Archytas of Tarentum (b. 435–10, d. 360–50) has in some ages been considered a major philosopher. He was one of the three most important early Pythagoreans—along with Philolaus and Pythagoras himself—and so his reputation has risen and fallen with the popularity of this movement. When Pythagoreanism captivated some Romans at the end of the Republic, they championed him as a native talent; much later, some medieval Europeans inflated him into one of the great wise men of the ancient world. But Pythagoreanism has ebbed in recent centuries, and Archytas is now known only to specialists in ancient philosophy, and even then only by acquaintance from a few passages of Plato and Aristotle.

The most vivid of these is in the Seventh Letter, which tells how Archytas saved Plato's life from every teacher's worst nightmare: the student-turned-captor, Dionysius II. Aristotle's extant writings mention Archytas only three times, but among his lost writings there were three books about the Archytan philosophy—more than he wrote about any other single figure. Huffman is the first modern scholar to follow Aristotle's lead, devoting an entire work to this philosophy. Although he begins his book by claiming to "have no illusions of having produced that mythical beast, 'the definitive edition'" (xii), anyone intrepid enough to read its more than six-hundred pages may come away ready to believe in Cerberus, Charybdis, and the Chimaera; for once you believe in one mythical beast, why not believe in others too?

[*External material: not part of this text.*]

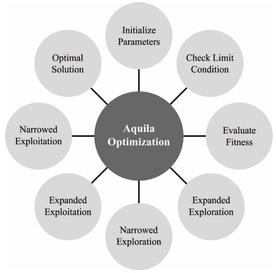 Abualigah et al. [19] introduced the fundamental formula of the Aquila optimizer (AO). Usually, the AO algorithm mimics the natural behavior of Aquila for catching the prey. Like other metaheuristic (MH) models, AO was a population-based optimization algorithm that takes place by creating an early population that has agents. In Equation (6), the mathematical modeling of the algorithm is given.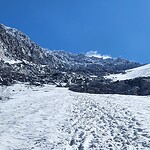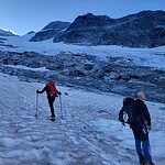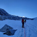 Die ersten Firnschuppen konnten wir trotz hart gefrorener Oberfläche noch ohne Steigeisen begehen und das war auch die richtige Entscheidung, um über die glatt geschliffenen Klippen darüber hinweg zu kommen.

At the heart of Huffman's book lies a dense explanation—one that could have been leavened by more diagrams—of Archytas's doubling of the cube. Meno's slave famously tries to "double the square," but cannot succeed without the help of Socratic interrogation and an implicit version of the Pythagorean theorem. When it came to doubling the cube, a far more difficult problem, Archytas became the first to accomplish the feat, elegantly exploiting the notions of mean and proportion. Likewise, in mathematical harmonics he showed that a mean proportional could not be produced by the division of a "superparticular" ratio (a ratio of the form n + 1 : n). And yet notions of ratio and proportion animated more than just his work in geometry and harmonics. Seeing everything as a manifestation of proportion was, for Archytas, practicing "logistic." This science he considered supreme less for its theoretical primacy than for its practical power. By making proportional analogies, rulers could apply abstract sciences to concrete matters, where genuine wisdom is manifest. Such wisdom is accessible to all, according to Archytas, so the rulers should be the people themselves.

He thus justified the democracy of his native Tarentum, despite the aristocratic tendencies of other Pythagoreans. As is well known, Plato considered dialectic the supreme science, practiced only by the very few who enjoy privileged access to invisible Forms. He even went so far as to ridicule Archytas in Republic (530c–d) for attending too slavishly to sensible harmonies. But Archytas not only championed democracy, he led one seven times during the period when it was among the most powerful city-states in the Greek world. He thus rises from the pages of Huffman's book as a dramatic counterpoint to Plato, not to mention an unacknowledged influence on both him and Aristotle. Does he emerge as [End Page 165] their peer? Not quite. Huffman's introductory essays show Archytas embellishing—deftly, but embellishing nonetheless—the schematic philosophy of his teacher, Philolaus. (Who better to make this assessment than the author of the equally magisterial Philolaus of Croton?) Applying Philolaus's notions of unlimited and limiters to definition, for example, he practiced a technique that was imitated by Aristotle.

Archytas's best work seems to have been in the technical subjects of geometry and harmonics, but two of his arguments reveal a sharp polemical imagination. One is ethical and concludes that nothing is more hostile to intellect, and thus evil, than bodily pleasure...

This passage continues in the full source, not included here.